Make no mistake, this is not a light reading easily consumed. The use of a fractured structure, explicit reference to bodily violence, and the absence of convenient, morally strictly uplifting symbols by Diop enable the audience to distinguish hollow, tragic heroes from the array of characters. Of course, the symbolic meaning of a Senegalese soldier who cuts off the hands of his colonial oppressor to the audience is not clear but it deliberately provokes discomfort among the readers by means of three atrocities i.e. mutilation, castration, and subjugation. But it is that all that counts for him as the most successful goal.
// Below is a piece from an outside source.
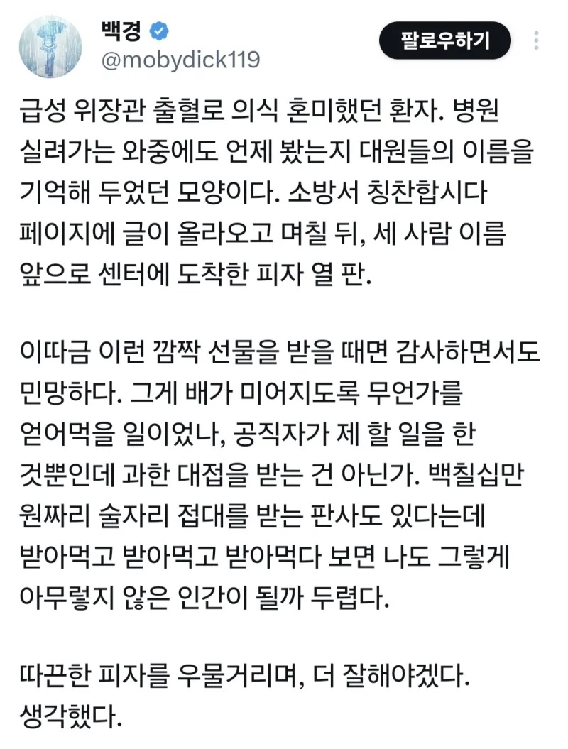 병원으로 이송해준 119대원들 이름 기억했다가 피자열판 보내준 환자

Through plunging us into such overwhelming madness and savagery dripping all over this instance of colonial occupation, he thus demonstrates the breakdown of the "savage and civilization" divide and renews the fact that both the ones swine-ing in the dirty fruit of imperialist warmongering's rewards and those actually killing are humanized and atomized.


 
An Indispensable Modernist Masterpiece

For readers willing to push past conventional narrative comforts and explore this shadow world, At Night All Blood Is Black provides a vital, immersive window into an unjustly marginalized facet of the World War I experience. Within this thin and narrow prose, Diop uses his poetic voice and epic form to lift the novella into a masterpiece and an indispensable part of the modernist writing emerging from the trenches. This is a story calling for the return of these unpleasant facts of colonization and their hidden costs that are being paid to this day.